Kubernetes was built to support declarative configuration management.
With Kubernetes, you can describe the desired state of your application through a set of configuration files,
and simply run
kubectl apply -f .... Kubernetes abstracts away the complexity of computing a diff and redeploying
pods, services, or other objects that have changed, while making it easy to reason about the end state of the system after a configuration change.
Configuration changes inherently create risk, in that the new configuration may cause a disruption in a running application. For enterprises, the risk of applications breaking can represent a significant financial, reputational, or even existential threat.
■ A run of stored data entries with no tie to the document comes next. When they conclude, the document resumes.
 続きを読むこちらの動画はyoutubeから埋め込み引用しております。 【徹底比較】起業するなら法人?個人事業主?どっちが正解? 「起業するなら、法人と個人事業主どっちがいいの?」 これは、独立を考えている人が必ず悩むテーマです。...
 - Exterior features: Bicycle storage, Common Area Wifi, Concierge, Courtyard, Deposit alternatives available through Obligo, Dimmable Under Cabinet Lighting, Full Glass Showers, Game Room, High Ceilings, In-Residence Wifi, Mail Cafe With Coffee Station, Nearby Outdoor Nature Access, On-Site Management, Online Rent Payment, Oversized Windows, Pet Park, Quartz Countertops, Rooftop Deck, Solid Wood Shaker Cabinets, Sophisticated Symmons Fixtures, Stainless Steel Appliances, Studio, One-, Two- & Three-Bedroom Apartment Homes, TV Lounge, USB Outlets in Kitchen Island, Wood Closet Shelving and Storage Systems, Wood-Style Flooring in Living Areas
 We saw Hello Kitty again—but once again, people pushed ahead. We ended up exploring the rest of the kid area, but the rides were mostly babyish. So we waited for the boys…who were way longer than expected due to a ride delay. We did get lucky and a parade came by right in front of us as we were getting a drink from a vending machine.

Operators must be able to manage this configuration safely.
A common approach for managing this risk is to store all of the configuration for an environment (i.e. production, staging, or dev) in a version control system like Git, a practice that is sometimes referred to as GitOps. In this methodology, the Git repository contains the source of truth for what is deployed to a cluster. Organizations can create processes for submitting changes (pull requests), for managing and approving change requests (code reviews), and for kicking off deployment pipelines when changes are merged in (integrating with a CI/CD system).
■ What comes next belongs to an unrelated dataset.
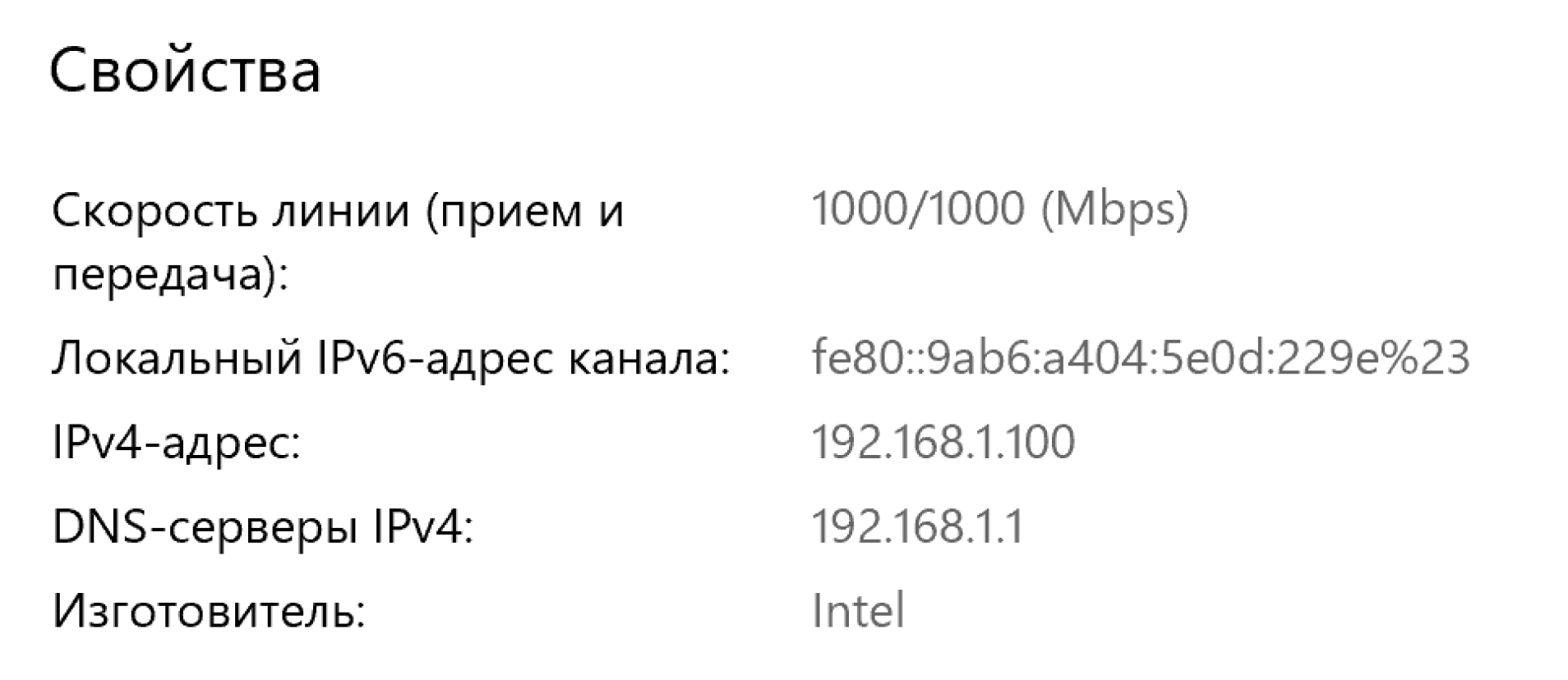 Другой вариант: Настройки → Сеть и интернет → Состояние → Свойства. В появившемся окне вы увидите примерно следующее:

For example, in a large enterprise, a team of operators may be responsible for managing the current state of production, for which the source of truth is a Git repository containing a set of yaml configurations. In order to push changes to production, the following steps must occur:
At Solo, we use GitOps to manage the state of our development and production environments, by integrating with
GitHub and Google Cloud Build.
For example, after a new version of Gloo Enterprise is released, we want to deploy it our dev instance, which is hosted on a GKE cluster.
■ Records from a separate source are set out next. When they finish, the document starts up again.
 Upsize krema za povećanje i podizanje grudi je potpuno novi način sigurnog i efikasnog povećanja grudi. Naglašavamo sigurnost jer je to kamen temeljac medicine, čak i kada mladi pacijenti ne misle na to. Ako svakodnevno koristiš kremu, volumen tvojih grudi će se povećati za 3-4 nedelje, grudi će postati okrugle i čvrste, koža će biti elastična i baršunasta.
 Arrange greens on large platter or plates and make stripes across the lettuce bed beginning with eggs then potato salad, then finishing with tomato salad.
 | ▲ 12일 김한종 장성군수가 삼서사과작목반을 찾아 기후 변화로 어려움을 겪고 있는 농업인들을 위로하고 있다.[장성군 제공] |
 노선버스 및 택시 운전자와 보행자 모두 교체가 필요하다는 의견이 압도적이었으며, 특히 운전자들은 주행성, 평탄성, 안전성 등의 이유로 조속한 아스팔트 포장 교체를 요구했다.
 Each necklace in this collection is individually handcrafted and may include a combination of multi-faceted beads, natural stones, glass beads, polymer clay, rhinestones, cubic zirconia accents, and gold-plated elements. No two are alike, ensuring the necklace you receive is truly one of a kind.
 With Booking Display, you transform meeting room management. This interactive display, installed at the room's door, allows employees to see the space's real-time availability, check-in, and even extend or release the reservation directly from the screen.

The developer responsible for the upgrade opens a pull request to the repo containing the dev deployment state, updating the configuration
to the new release.
When this pull request is approved and merged in to the master branch, a build trigger runs
kubectl to apply the new configuration to the cluster. After this configuration is applied, a series of tests are
run against the cluster, and the team is notified via Slack about the updates. This is part of our larger
release and deployment pipeline we use to test new versions of our product.